__Assigned task__
The reply must consist of the lines from the first line of the records through the line containing "Pack 4 têtes", copied exactly, with every picture omitted.

* * * * * * * * *

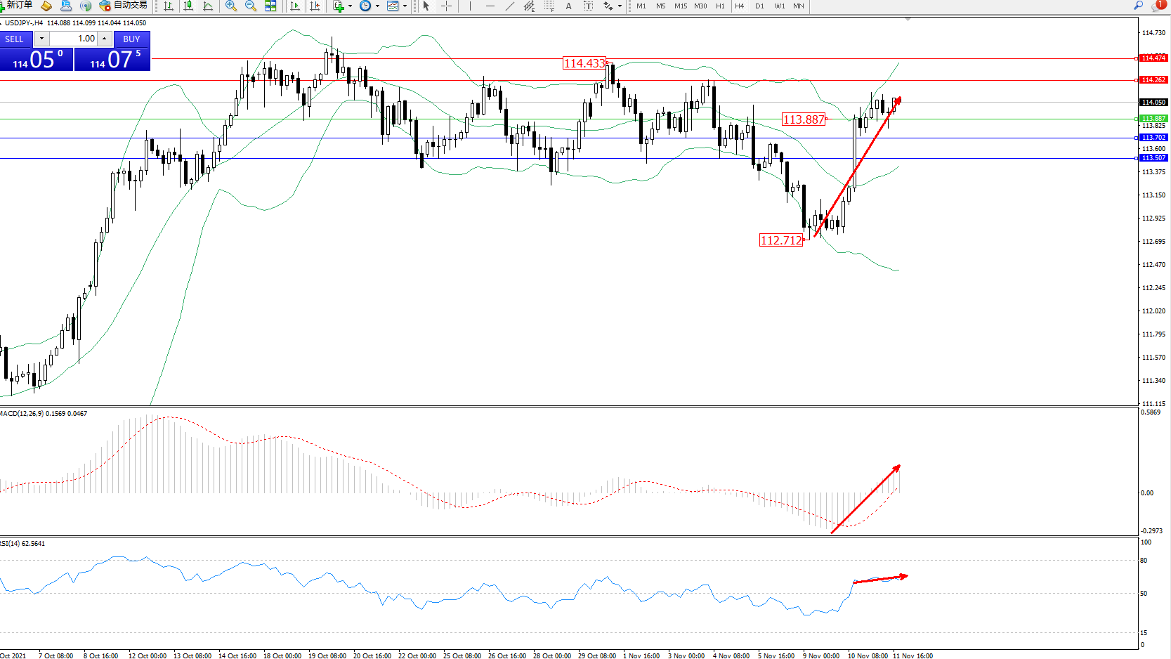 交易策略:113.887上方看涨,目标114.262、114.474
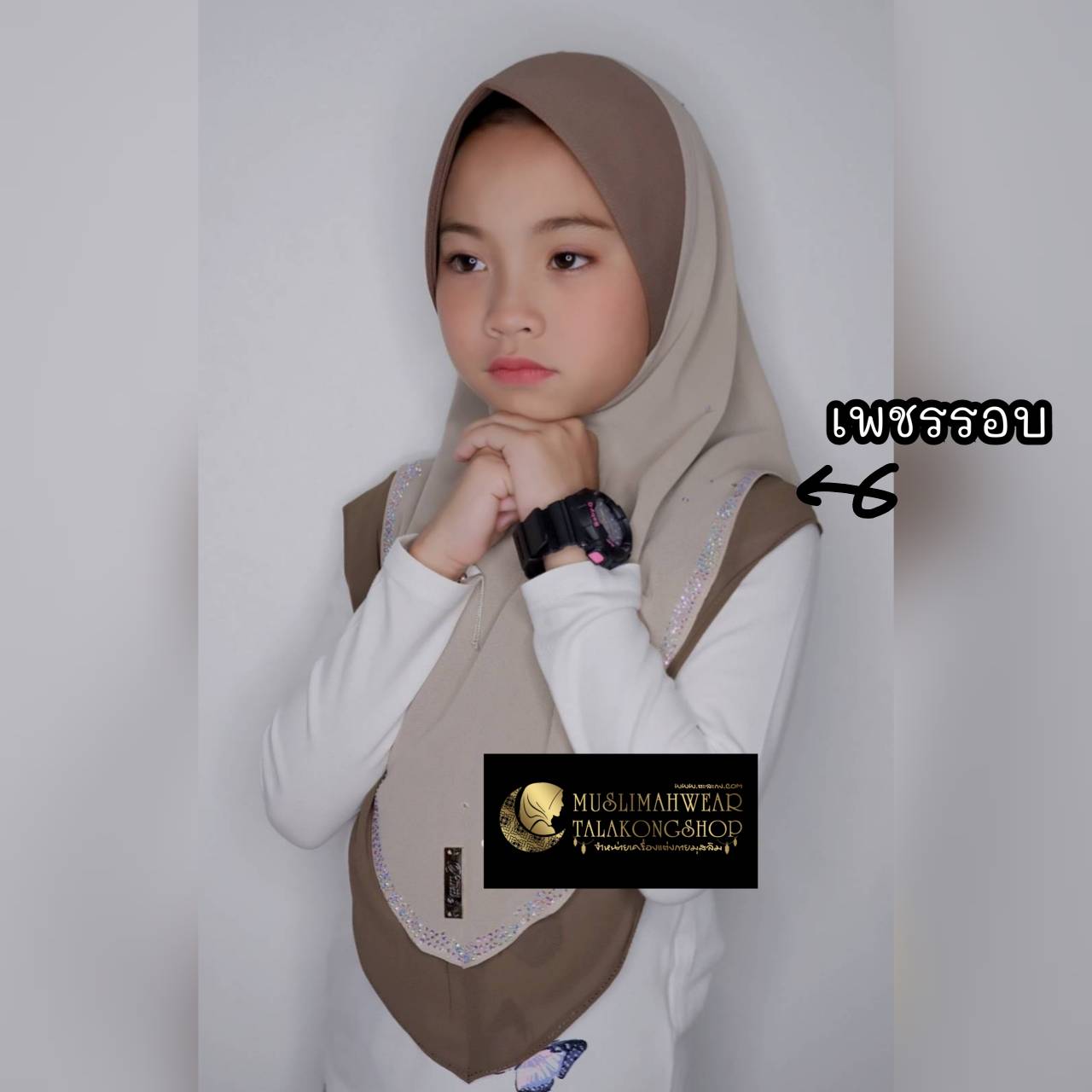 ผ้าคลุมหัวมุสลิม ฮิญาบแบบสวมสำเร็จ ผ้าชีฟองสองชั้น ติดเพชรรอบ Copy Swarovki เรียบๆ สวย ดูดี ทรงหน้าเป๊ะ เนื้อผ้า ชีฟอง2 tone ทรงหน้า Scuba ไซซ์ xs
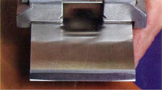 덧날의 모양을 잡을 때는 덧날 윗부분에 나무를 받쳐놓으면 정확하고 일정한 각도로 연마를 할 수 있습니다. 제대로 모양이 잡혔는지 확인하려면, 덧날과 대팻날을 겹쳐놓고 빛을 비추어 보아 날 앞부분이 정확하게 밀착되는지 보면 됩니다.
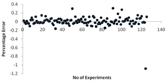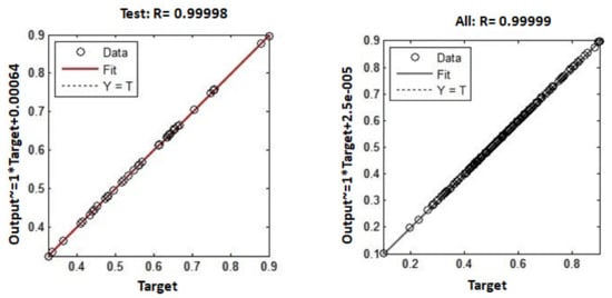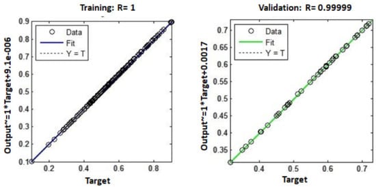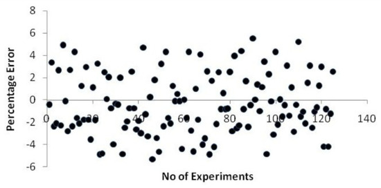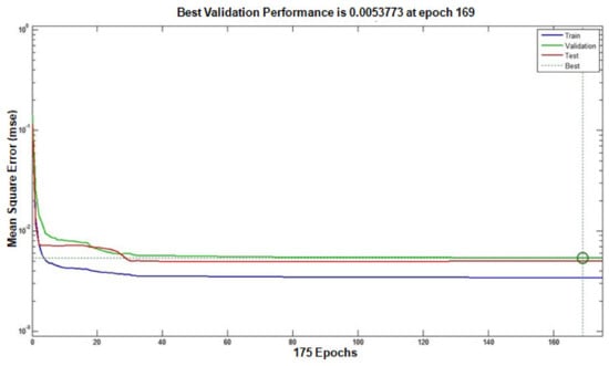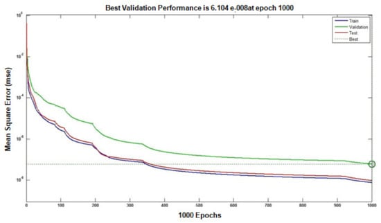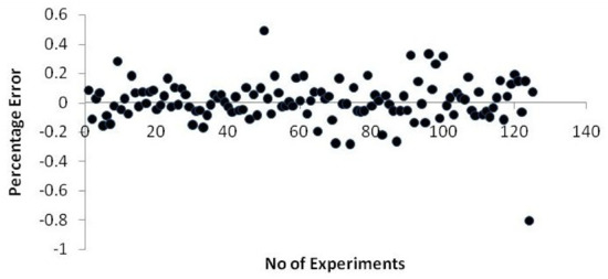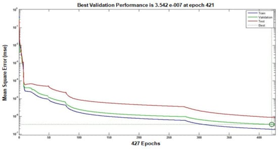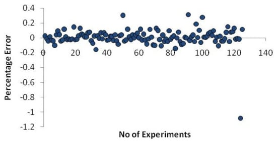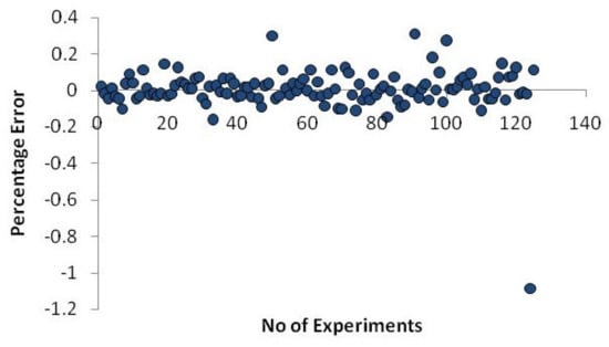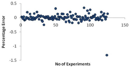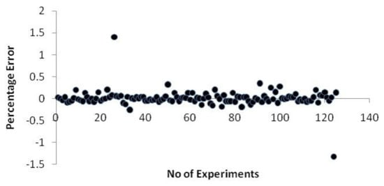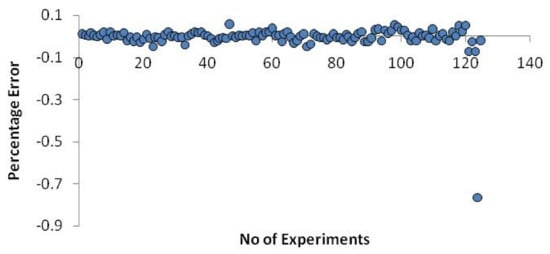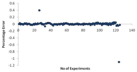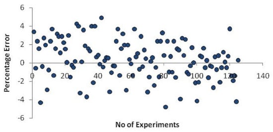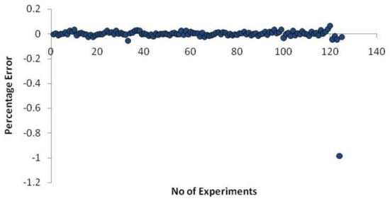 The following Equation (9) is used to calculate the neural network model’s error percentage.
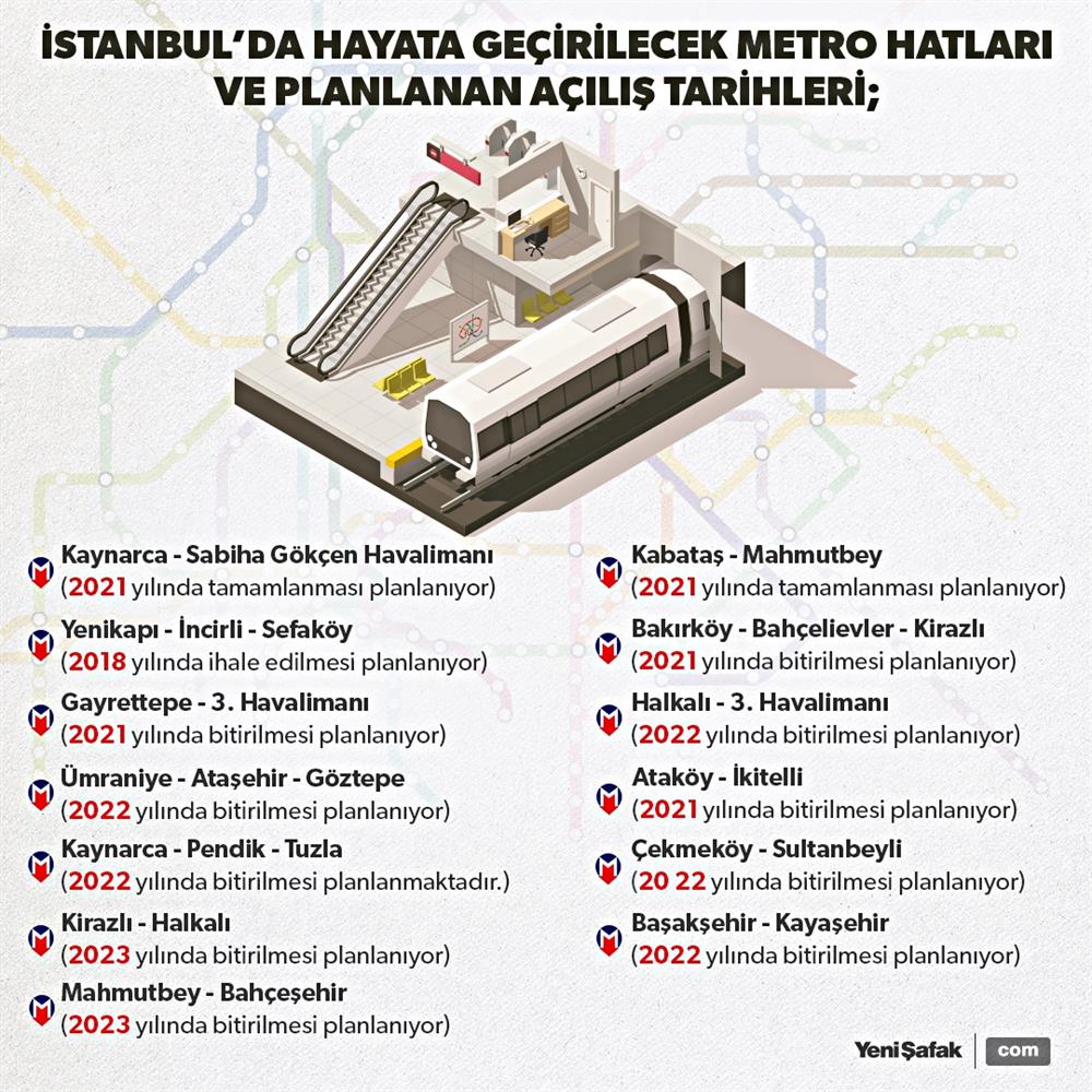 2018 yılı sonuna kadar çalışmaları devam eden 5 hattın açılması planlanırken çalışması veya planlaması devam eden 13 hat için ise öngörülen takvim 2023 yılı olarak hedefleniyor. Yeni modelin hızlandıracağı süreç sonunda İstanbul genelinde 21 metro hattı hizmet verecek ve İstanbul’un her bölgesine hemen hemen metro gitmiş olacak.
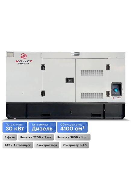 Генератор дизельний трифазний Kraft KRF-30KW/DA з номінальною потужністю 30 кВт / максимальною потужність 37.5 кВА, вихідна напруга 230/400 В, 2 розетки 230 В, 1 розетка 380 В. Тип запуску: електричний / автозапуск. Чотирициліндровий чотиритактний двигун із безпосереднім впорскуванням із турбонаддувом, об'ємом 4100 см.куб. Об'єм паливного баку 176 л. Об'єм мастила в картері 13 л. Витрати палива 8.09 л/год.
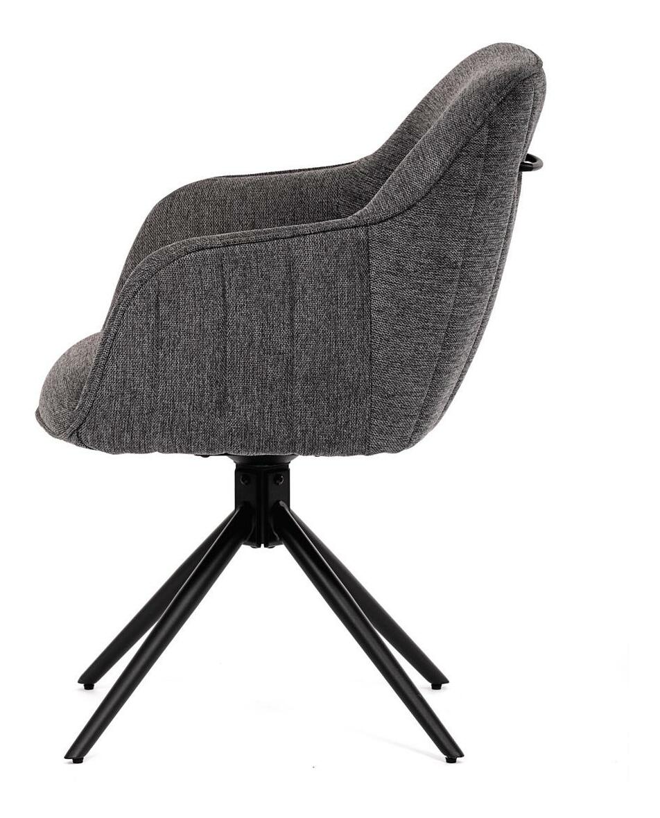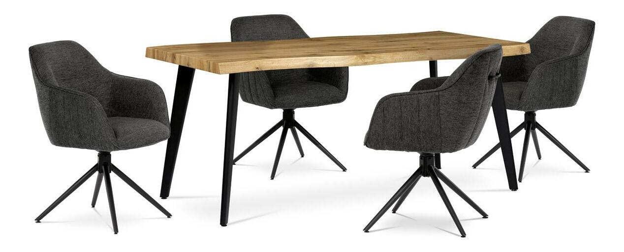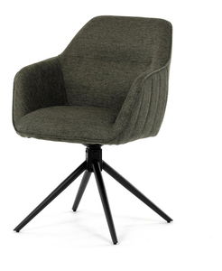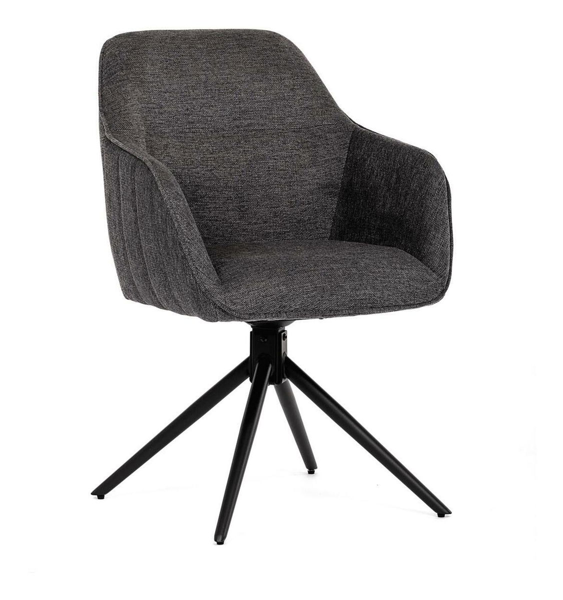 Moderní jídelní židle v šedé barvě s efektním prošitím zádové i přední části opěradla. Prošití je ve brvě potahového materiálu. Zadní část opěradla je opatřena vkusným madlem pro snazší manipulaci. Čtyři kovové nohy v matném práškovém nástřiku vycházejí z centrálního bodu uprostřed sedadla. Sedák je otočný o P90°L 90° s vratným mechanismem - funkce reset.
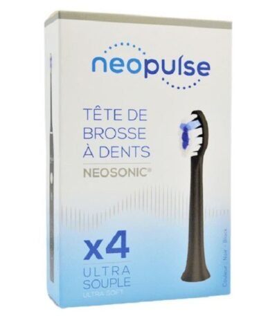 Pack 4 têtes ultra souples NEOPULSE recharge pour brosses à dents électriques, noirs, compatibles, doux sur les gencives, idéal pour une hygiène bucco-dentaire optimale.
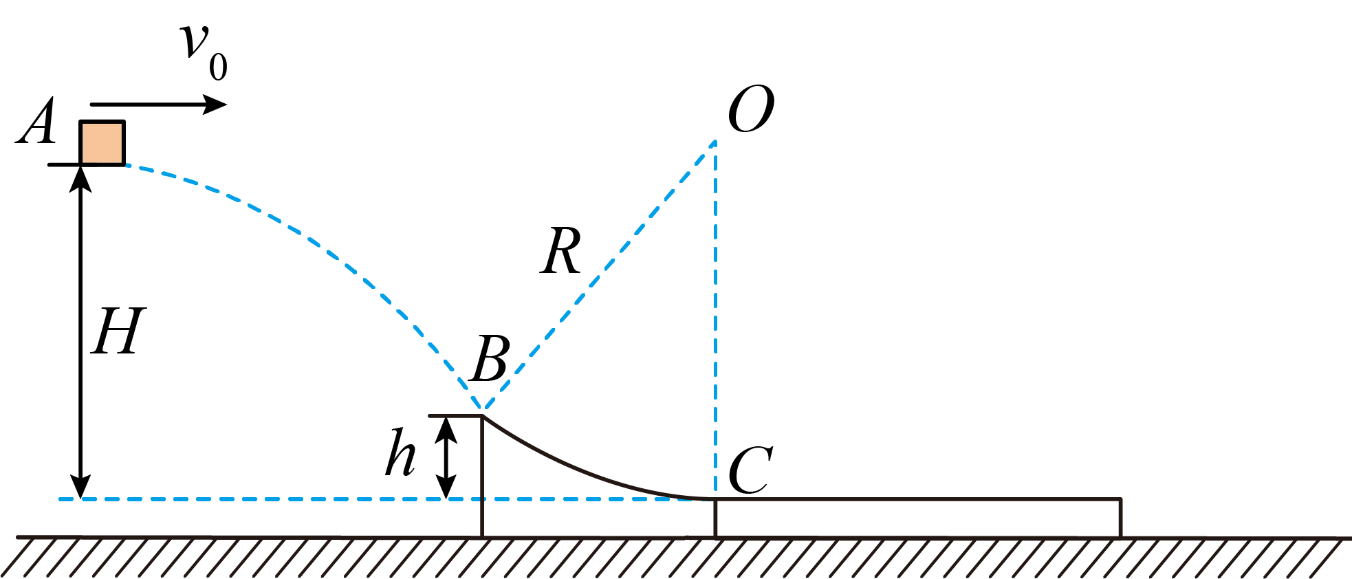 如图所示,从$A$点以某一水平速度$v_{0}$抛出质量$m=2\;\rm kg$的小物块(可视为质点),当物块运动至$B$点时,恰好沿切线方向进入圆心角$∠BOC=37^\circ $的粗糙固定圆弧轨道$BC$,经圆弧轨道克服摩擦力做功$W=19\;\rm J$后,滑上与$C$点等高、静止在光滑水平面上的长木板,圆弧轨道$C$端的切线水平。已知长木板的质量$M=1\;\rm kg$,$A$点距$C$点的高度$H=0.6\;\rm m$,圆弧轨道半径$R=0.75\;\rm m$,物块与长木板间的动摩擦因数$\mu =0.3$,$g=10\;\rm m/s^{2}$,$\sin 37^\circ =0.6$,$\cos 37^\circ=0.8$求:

* * * * * * * * *

__Output for this task__
 交易策略:113.887上方看涨,目标114.262、114.474
 ผ้าคลุมหัวมุสลิม ฮิญาบแบบสวมสำเร็จ ผ้าชีฟองสองชั้น ติดเพชรรอบ Copy Swarovki เรียบๆ สวย ดูดี ทรงหน้าเป๊ะ เนื้อผ้า ชีฟอง2 tone ทรงหน้า Scuba ไซซ์ xs
 덧날의 모양을 잡을 때는 덧날 윗부분에 나무를 받쳐놓으면 정확하고 일정한 각도로 연마를 할 수 있습니다. 제대로 모양이 잡혔는지 확인하려면, 덧날과 대팻날을 겹쳐놓고 빛을 비추어 보아 날 앞부분이 정확하게 밀착되는지 보면 됩니다.
 The following Equation (9) is used to calculate the neural network model’s error percentage.
 2018 yılı sonuna kadar çalışmaları devam eden 5 hattın açılması planlanırken çalışması veya planlaması devam eden 13 hat için ise öngörülen takvim 2023 yılı olarak hedefleniyor. Yeni modelin hızlandıracağı süreç sonunda İstanbul genelinde 21 metro hattı hizmet verecek ve İstanbul’un her bölgesine hemen hemen metro gitmiş olacak.
 Генератор дизельний трифазний Kraft KRF-30KW/DA з номінальною потужністю 30 кВт / максимальною потужність 37.5 кВА, вихідна напруга 230/400 В, 2 розетки 230 В, 1 розетка 380 В. Тип запуску: електричний / автозапуск. Чотирициліндровий чотиритактний двигун із безпосереднім впорскуванням із турбонаддувом, об'ємом 4100 см.куб. Об'єм паливного баку 176 л. Об'єм мастила в картері 13 л. Витрати палива 8.09 л/год.
 Moderní jídelní židle v šedé barvě s efektním prošitím zádové i přední části opěradla. Prošití je ve brvě potahového materiálu. Zadní část opěradla je opatřena vkusným madlem pro snazší manipulaci. Čtyři kovové nohy v matném práškovém nástřiku vycházejí z centrálního bodu uprostřed sedadla. Sedák je otočný o P90°L 90° s vratným mechanismem - funkce reset.
 Pack 4 têtes ultra souples NEOPULSE recharge pour brosses à dents électriques, noirs, compatibles, doux sur les gencives, idéal pour une hygiène bucco-dentaire optimale.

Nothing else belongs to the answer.